How can I tell If my blower (simplicity 8560E1) has a stator to run lights without tearing it apart? There is no mention of it anywhere in my owners manual that I could find. There appears to be a black wire coming out of a hole in the casting near the fly-wheel. Could that be the feed? Thanks for any info.


----------



## cdestuck (Jan 20, 2013)

Put a multi meter I the wire while the engine is running. Check for both ac or dc voltage. Most times its ac but can be dc I think.


----------



## Normex (Feb 21, 2014)

GMH said:


> There appears to be a black wire coming out of a hole in the casting near the fly-wheel. Could that be the feed? Thanks for any info.
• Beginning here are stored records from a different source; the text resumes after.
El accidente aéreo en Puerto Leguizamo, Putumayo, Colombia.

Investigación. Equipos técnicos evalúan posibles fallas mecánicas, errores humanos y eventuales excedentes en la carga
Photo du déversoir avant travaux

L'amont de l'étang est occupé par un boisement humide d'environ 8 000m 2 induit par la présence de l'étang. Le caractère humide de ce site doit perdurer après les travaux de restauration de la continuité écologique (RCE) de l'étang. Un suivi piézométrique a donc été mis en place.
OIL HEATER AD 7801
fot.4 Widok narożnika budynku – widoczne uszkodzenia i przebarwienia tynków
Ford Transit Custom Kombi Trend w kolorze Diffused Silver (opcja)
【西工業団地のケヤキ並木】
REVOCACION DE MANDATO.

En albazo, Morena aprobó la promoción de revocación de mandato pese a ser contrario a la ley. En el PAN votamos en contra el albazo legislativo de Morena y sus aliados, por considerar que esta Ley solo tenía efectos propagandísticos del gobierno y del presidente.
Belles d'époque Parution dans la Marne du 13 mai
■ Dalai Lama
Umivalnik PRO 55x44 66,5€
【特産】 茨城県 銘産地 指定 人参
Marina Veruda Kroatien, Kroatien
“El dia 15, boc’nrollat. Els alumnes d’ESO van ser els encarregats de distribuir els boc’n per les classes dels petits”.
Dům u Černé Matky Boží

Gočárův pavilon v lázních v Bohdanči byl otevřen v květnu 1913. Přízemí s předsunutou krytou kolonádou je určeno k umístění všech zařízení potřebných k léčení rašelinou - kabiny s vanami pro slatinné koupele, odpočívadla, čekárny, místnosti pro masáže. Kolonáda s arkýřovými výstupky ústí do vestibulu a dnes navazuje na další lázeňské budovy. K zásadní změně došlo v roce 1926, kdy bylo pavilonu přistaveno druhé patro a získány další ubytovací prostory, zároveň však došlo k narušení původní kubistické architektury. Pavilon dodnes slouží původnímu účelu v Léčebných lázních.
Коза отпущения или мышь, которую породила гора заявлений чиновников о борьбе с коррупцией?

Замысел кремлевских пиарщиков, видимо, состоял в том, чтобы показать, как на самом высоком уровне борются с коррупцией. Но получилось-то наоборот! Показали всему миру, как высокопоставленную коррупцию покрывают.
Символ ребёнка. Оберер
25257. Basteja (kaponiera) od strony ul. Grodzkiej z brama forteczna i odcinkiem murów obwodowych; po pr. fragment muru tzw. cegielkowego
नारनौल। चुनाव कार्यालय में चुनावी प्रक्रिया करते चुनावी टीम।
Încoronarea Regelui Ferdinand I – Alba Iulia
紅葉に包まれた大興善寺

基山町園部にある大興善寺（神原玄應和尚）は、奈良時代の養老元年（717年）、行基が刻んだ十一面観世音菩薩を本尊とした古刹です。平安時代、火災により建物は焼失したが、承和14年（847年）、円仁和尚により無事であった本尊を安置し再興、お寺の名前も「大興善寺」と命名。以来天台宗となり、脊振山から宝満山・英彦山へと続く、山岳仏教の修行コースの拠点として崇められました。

 You may have to dig a bit deeper to find out, in your middle pic can you pull on the rubber boot and see if the wires are coloured like yellow?
And if so like cde mention check for ac voltage or dc with a needle like prong of course with engine running.


----------



## Grunt (Nov 11, 2013)

As others have stated, put a meter on the red connector and see what type of voltage you have and if it is AC or DC. I suspect it will be 12 volts DC at 5 amps output according to this Briggs illustration and the regulator you have hose clamped to the starter motor.


----------



## pweerc (May 4, 2014)

Grunts got it-that is a voltage regulator/bridge rectifier the red lead will be 12volt out. Make sure to not overload that circuit.


----------



## GMH (Dec 31, 2013)

Thanks, that is exactly what I need. I am about to fire it up for a little cleanup and will check the red wire. If it is DC, I should be able to connect an LED light directly to it and not need the bridge rectifier mentioned in the "upgrade to LED Lights" sticky thread correct?


----------



## GMH (Dec 31, 2013)

OK. I am reading 13.8 volts +/- at the red wire at full throttle. How can I tell how many watts/amps I can draw?


----------



## Grunt (Nov 11, 2013)

You can use your meter IF it has an amperage position- OR - You can trust the Briggs rating of 5 amps as shown in the illustration. The regulator in your picture is showing a capacitor which should mean voltage is filtered. Superedge and Coby are the electrical wizards in this regard and will hopefully chime in. Check the amp draw on the light(s) you plan on using and install an inline fuse holder with a fuse of 5 amps or less to protect the stator.


----------



## GMH (Dec 31, 2013)

Thanks. the regulator/rectifier is part #698102, which seems to have been replaced by part #698315. I am trying to find specs on it, as the wire and plug colors coincide with a 5 or 9 amp regulated system according to an old B&S manual I have.


----------



## UNDERTAKER (Dec 30, 2013)

YEAH that is set up for a light.


----------



## GMH (Dec 31, 2013)

OK, the only difference between the 5 and 9 amp system is the size of the magnets on the flywheel. So I would be safe to assume that it is 5amps. All I have to do then, is make sure my light does not draw more than 5 amps, hook it up to the red wire and ground it back to the engine right? I want to use an LED, but since this is already putting out DC, I should be good to go. I just have to get the polarity correct, as LEDs only work one-way I believe.


----------



## GMH (Dec 31, 2013)

Would this be a suitable light to use?
6 High Power 1 Watt LED Rectangular Working Light - Auxiliary / Fog Lights - Lighting and Electrical United Pacific


----------



## Normex (Feb 21, 2014)

I did not read the whole thread but essentially if you have a 5 amp stator with no hand warmers then you could in theory put up to 60 watts of lights but you need less than max output and have room for handwarmers which can handle AC current.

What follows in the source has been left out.